■ Task instructions: Of the entries below, return exactly those lines that fall between the one containing "ADF&G wildlife technician" and the one containing "通過一個中心的中庭和一些人行", the two end lines included.

■ Given records:
###

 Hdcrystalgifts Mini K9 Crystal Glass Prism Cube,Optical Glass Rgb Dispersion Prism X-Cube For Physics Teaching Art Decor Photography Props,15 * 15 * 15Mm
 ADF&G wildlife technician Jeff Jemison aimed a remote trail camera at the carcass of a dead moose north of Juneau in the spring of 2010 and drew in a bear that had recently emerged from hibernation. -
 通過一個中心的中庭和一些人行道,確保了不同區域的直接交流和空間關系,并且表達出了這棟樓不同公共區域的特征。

###

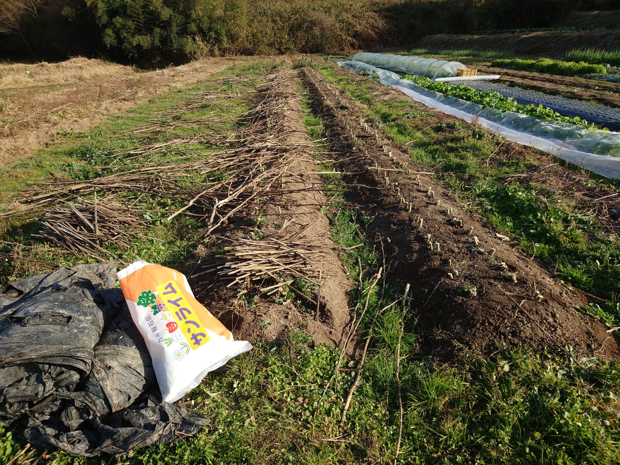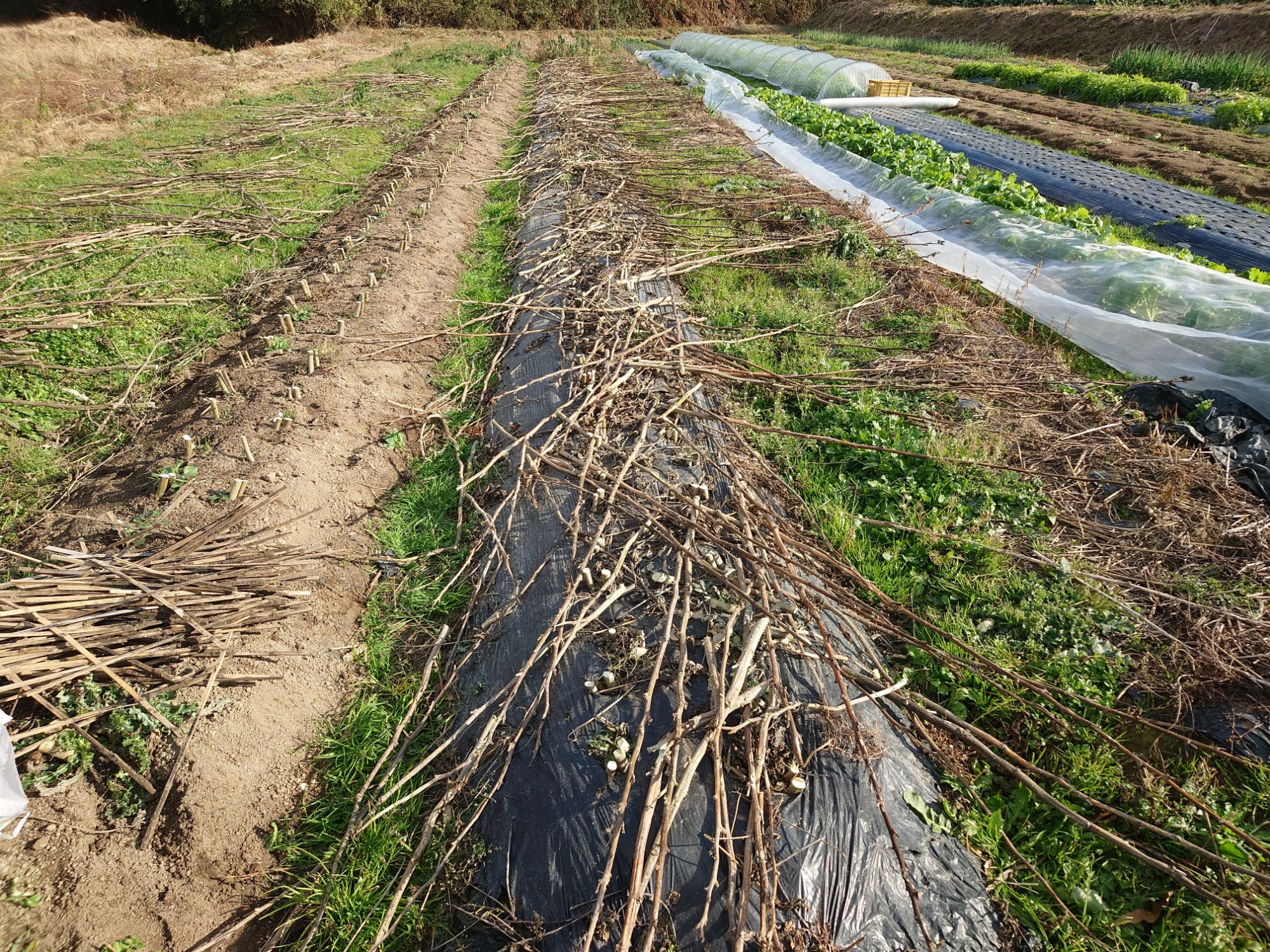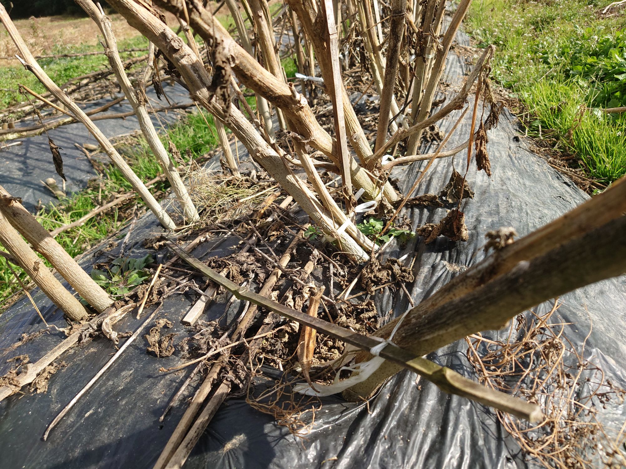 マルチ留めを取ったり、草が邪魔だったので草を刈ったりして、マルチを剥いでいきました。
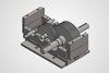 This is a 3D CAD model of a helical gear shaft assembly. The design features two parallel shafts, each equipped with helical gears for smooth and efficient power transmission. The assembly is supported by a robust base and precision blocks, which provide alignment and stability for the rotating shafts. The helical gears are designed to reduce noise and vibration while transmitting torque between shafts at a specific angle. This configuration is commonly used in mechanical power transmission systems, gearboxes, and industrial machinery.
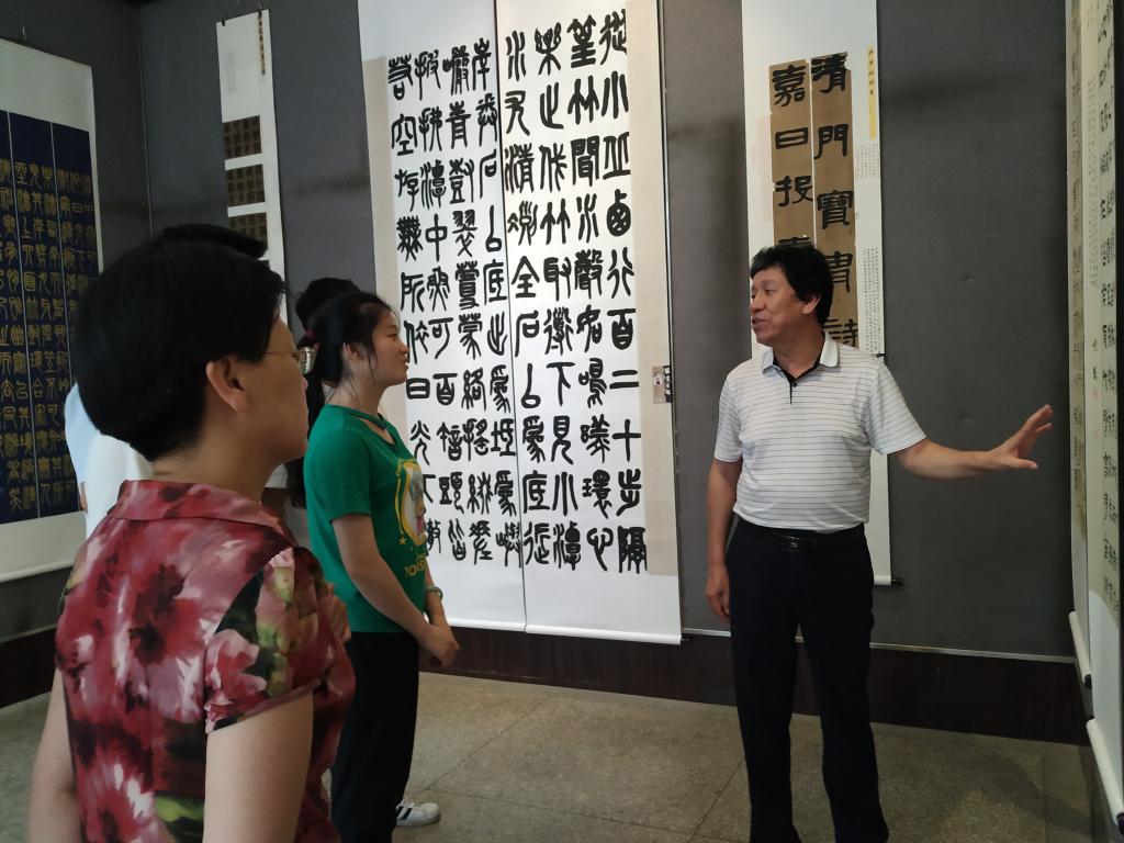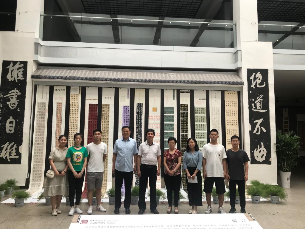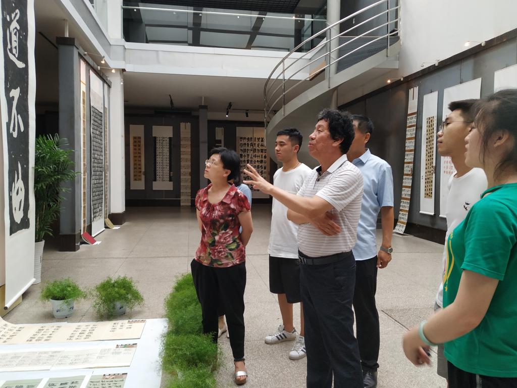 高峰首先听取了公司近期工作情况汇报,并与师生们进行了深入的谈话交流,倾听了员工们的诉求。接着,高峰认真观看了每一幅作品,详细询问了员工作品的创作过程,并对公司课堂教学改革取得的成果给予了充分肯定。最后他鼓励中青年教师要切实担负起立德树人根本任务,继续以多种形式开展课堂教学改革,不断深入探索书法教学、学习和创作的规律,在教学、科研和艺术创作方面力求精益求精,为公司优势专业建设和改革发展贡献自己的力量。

###

■ Answer space:
 ADF&G wildlife technician Jeff Jemison aimed a remote trail camera at the carcass of a dead moose north of Juneau in the spring of 2010 and drew in a bear that had recently emerged from hibernation. -
 通過一個中心的中庭和一些人行道,確保了不同區域的直接交流和空間關系,并且表達出了這棟樓不同公共區域的特征。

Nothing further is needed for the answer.